Collection entries
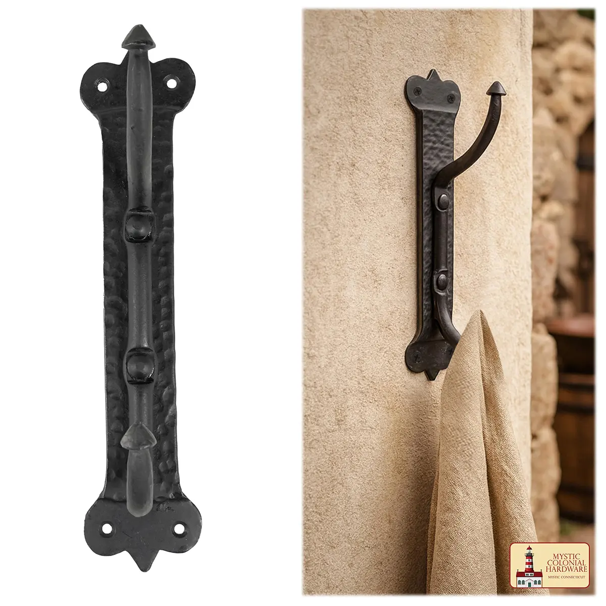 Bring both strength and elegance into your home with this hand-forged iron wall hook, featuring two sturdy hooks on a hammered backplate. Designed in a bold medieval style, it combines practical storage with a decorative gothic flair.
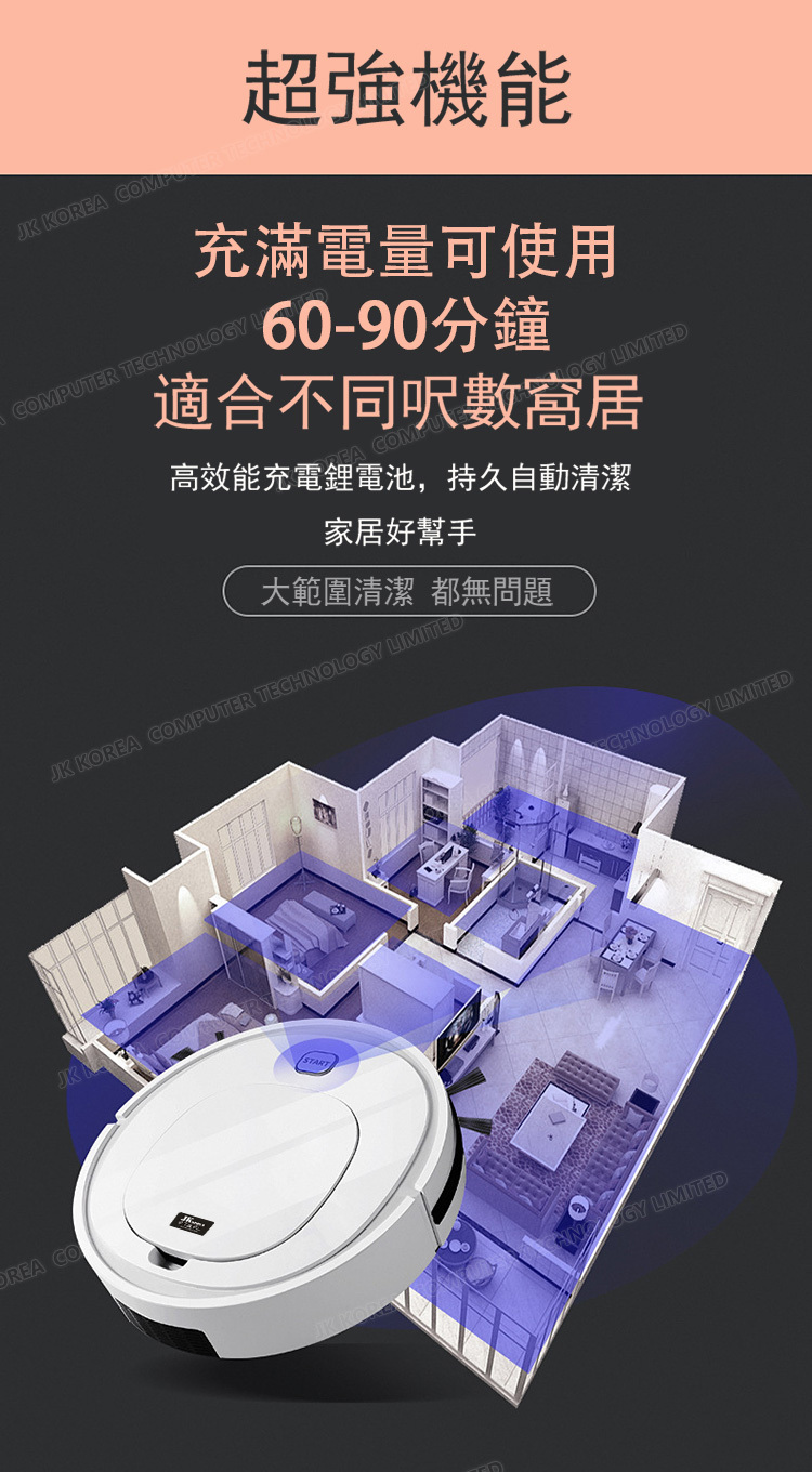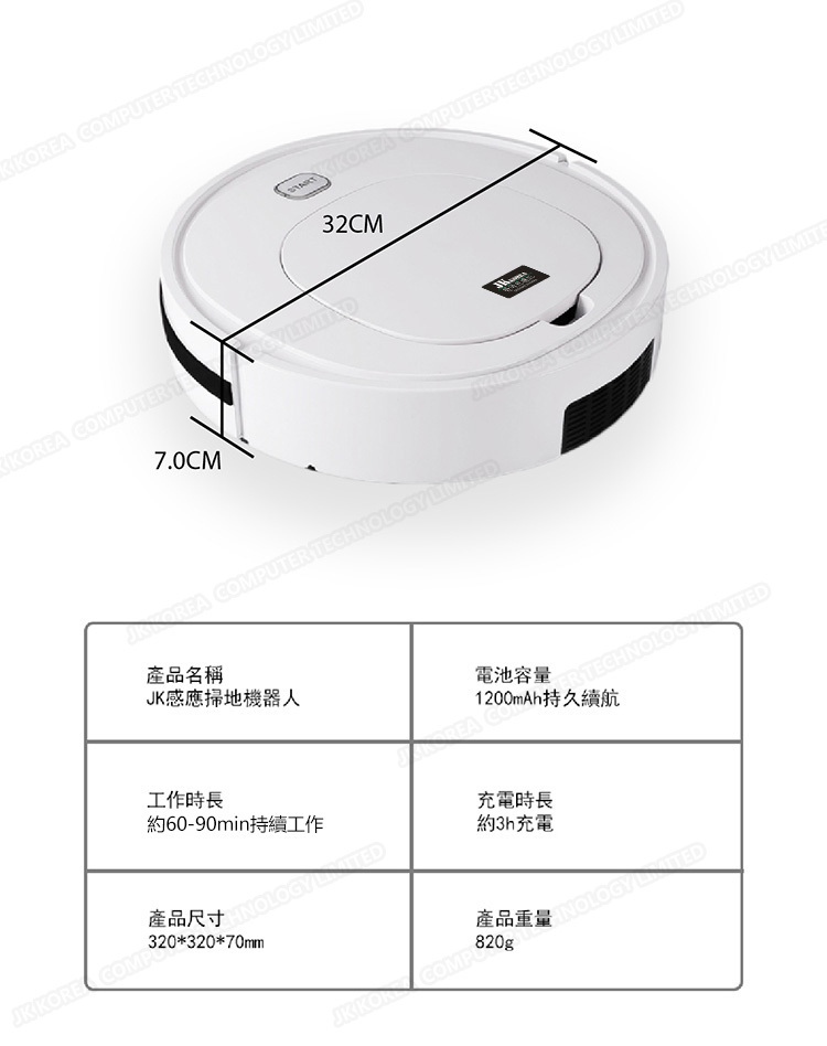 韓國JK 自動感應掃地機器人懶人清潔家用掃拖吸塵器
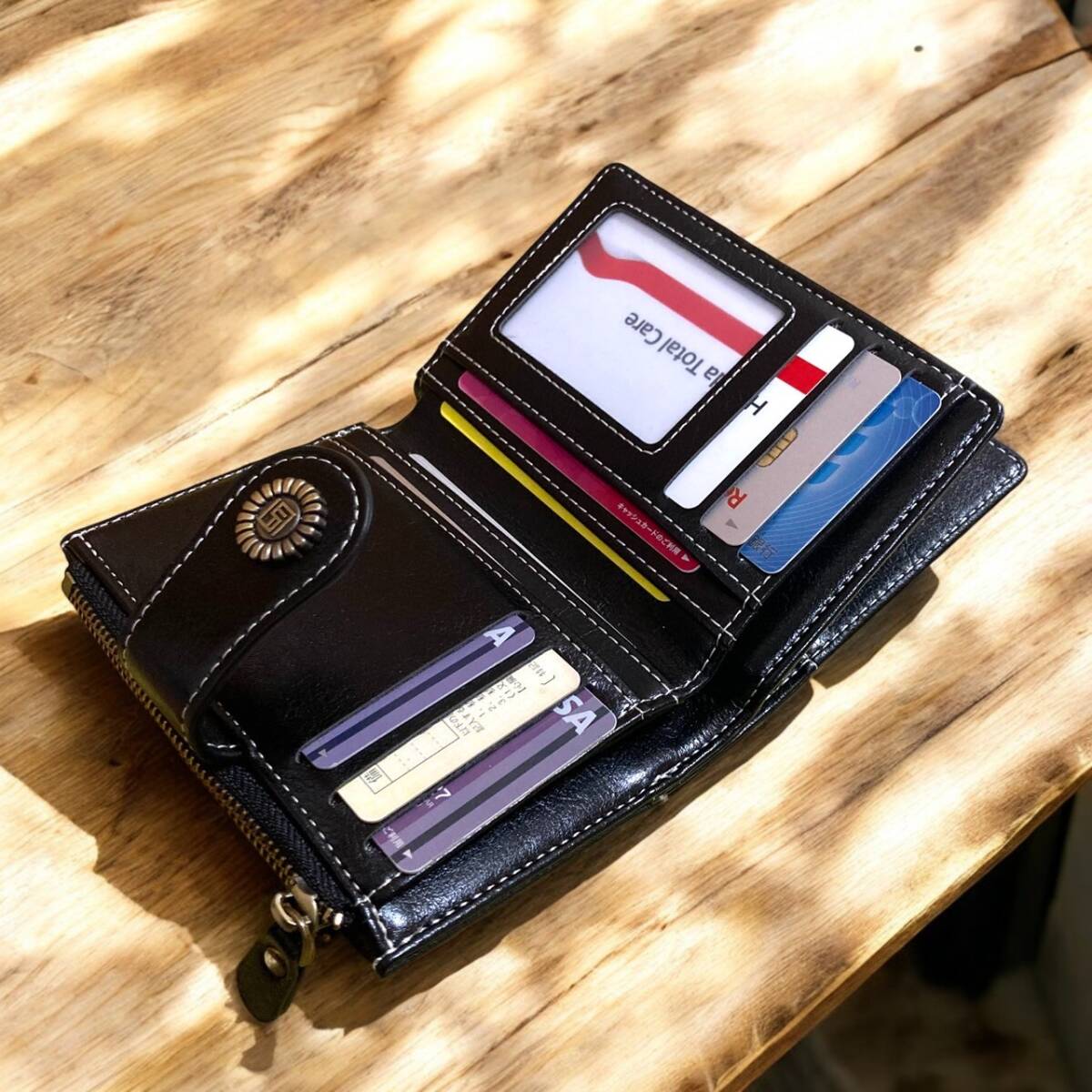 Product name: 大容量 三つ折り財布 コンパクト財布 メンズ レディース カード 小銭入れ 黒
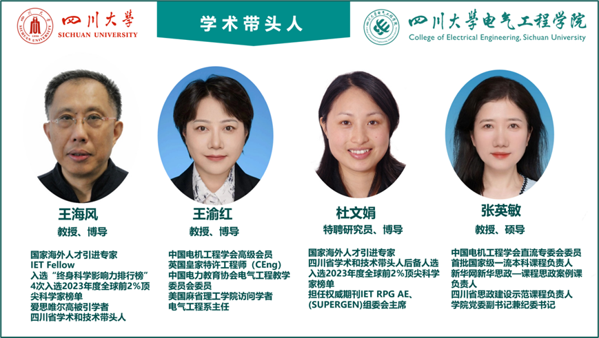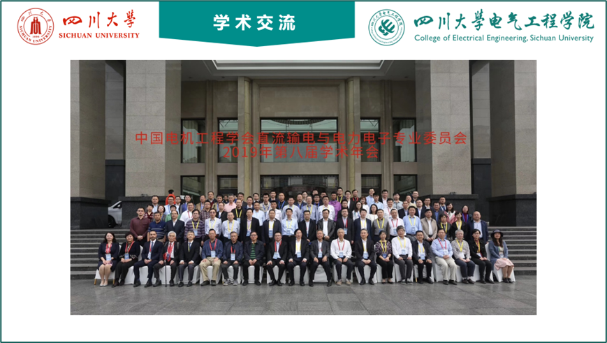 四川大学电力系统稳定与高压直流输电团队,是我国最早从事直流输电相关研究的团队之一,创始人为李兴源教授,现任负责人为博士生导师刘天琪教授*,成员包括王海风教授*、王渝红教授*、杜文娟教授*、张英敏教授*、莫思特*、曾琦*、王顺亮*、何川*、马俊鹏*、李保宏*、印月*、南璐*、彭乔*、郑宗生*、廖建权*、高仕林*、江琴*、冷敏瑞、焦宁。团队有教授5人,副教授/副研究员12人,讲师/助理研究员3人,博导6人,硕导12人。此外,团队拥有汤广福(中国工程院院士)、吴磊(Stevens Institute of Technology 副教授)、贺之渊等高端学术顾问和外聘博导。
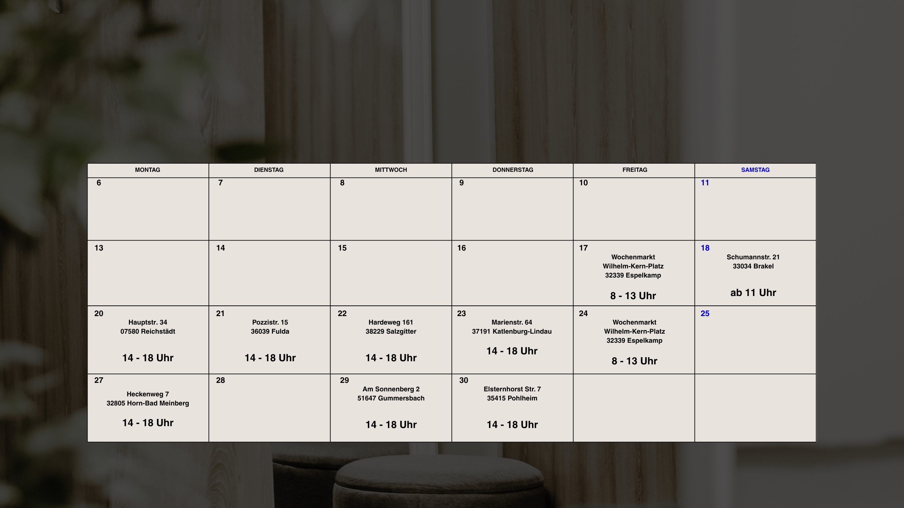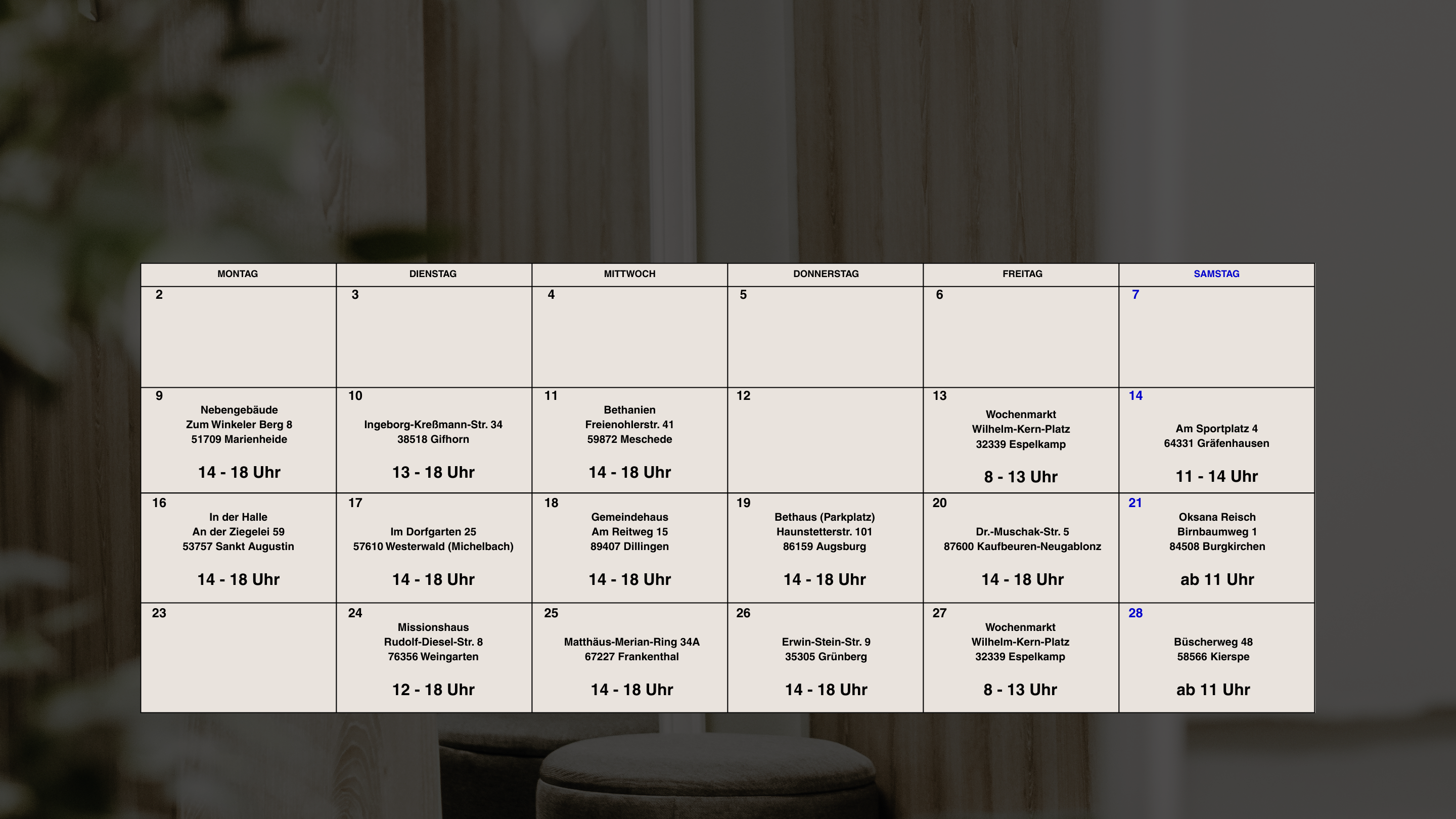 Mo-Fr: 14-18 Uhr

_Exercise brief_. Without the pictures, give all the records above again exactly.

_Solution for this task_.
 Bring both strength and elegance into your home with this hand-forged iron wall hook, featuring two sturdy hooks on a hammered backplate. Designed in a bold medieval style, it combines practical storage with a decorative gothic flair.
 韓國JK 自動感應掃地機器人懶人清潔家用掃拖吸塵器
 Product name: 大容量 三つ折り財布 コンパクト財布 メンズ レディース カード 小銭入れ 黒
 四川大学电力系统稳定与高压直流输电团队,是我国最早从事直流输电相关研究的团队之一,创始人为李兴源教授,现任负责人为博士生导师刘天琪教授*,成员包括王海风教授*、王渝红教授*、杜文娟教授*、张英敏教授*、莫思特*、曾琦*、王顺亮*、何川*、马俊鹏*、李保宏*、印月*、南璐*、彭乔*、郑宗生*、廖建权*、高仕林*、江琴*、冷敏瑞、焦宁。团队有教授5人,副教授/副研究员12人,讲师/助理研究员3人,博导6人,硕导12人。此外,团队拥有汤广福(中国工程院院士)、吴磊(Stevens Institute of Technology 副教授)、贺之渊等高端学术顾问和外聘博导。
 Mo-Fr: 14-18 Uhr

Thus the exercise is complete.